What Is Configuration Management (and Why It Actually Matters)

Before diving into SafeGraph’s journey, it helps to clarify what we mean by configuration management in a modern data and platform engineering context.

Configuration management is the process of organizing, versioning, testing, and releasing your application configuration across different environments.

That includes all the small but critical bits like:

Database endpoints and credentials
Third-party API keys and tokens
Caching and performance settings
Feature flags or logic toggles
S3 bucket names and paths
Service endpoints used across multiple apps

On paper, these look like “simple values.” In practice, they:

Change more often than code in some systems
Can break production instantly when wrong
Are needed consistently across multiple applications and environments

When configuration is scattered, implicit, or hard-coded, teams pay the price in outages, wasted debugging time, and slow rollouts. SafeGraph learned this the hard way.

The Hidden Cost of Scattered Configurations

In the early days, SafeGraph didn’t really have a formal configuration management system. And that’s very common. Things worked… until they didn’t.

Configs were spread across:

Kubernetes ConfigMaps and environment variables
AWS Lambda environment variables
Hard-coded values inside application code
Airflow’s variable store
Databricks cluster configuration as environment variables

On a whiteboard that doesn’t sound terrible. But a few concrete problems quickly emerged:

1. No auditability
There was no reliable way to answer basic questions:
- Who changed this configuration?
- What exactly changed?
- When did it change, and why?

2. No proper review or approval flow
Updating configs often bypassed code review. People would tweak an environment variable or Airflow variable directly. That meant:
- Risky changes in production
- No pull request history
- No systematic checks or tests before applying modifications

3. Hard to share configs across applications
Common settings (like a shared API endpoint or bucket path) were duplicated:
- Slightly different values in different systems
- No clear source of truth

4. Security issues: secrets in plain text
Some credentials were hard-coded or stored in plain text. Obviously not ideal from any security or compliance perspective, especially as the company and data scale grew.

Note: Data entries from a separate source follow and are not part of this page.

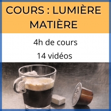 Cette vidéo permet surtout d'analyser la transparence du verre, les effets de brillance en parallèle avec un autre "effet métal" et d'autres sortes "d'effet mat" (sucre et mousse du café) .
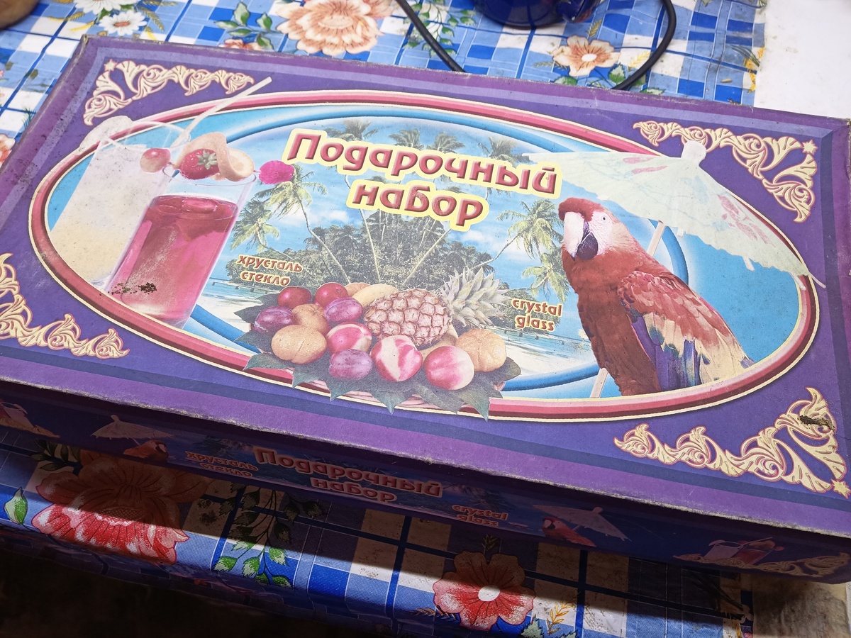 И вручает на выброс пакет с почерневшей от сырости коробкой. А в коробке этой с красным попугаем и надписью "Подарочный набор" что-то робко позвякивает.
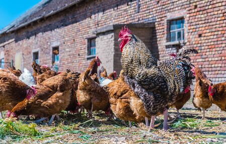 Free range organic chickens poultry in a country farm, germany

None of these problems are especially exotic. The important part is how they compound over time, especially in a data-heavy environment.

Two Painful Incidents That Forced a Rethink

Two real incidents really highlighted why SafeGraph needed a better configuration management system.

#### 1. Customer configuration table catastrophe

A migration script had a bug that accidentally reset all rows in a critical customer configuration table to a default value.

Why was this table so important? It determined:

Which products each customer should receive
What data sets needed to be delivered each month

Because of the bug:

All customer configs were wiped to defaults
SafeGraph shipped the wrong datasets to all customers

Restoring the old state was painful:

Restore an RDS snapshot to a new cluster
Export the data to a file
Import it back into the main RDS cluster
Then re-run data deliveries for customers

The core problem wasn’t only the migration bug—it was that configurations weren’t versioned and managed like code, so rolling back config mistakes was heavy and slow.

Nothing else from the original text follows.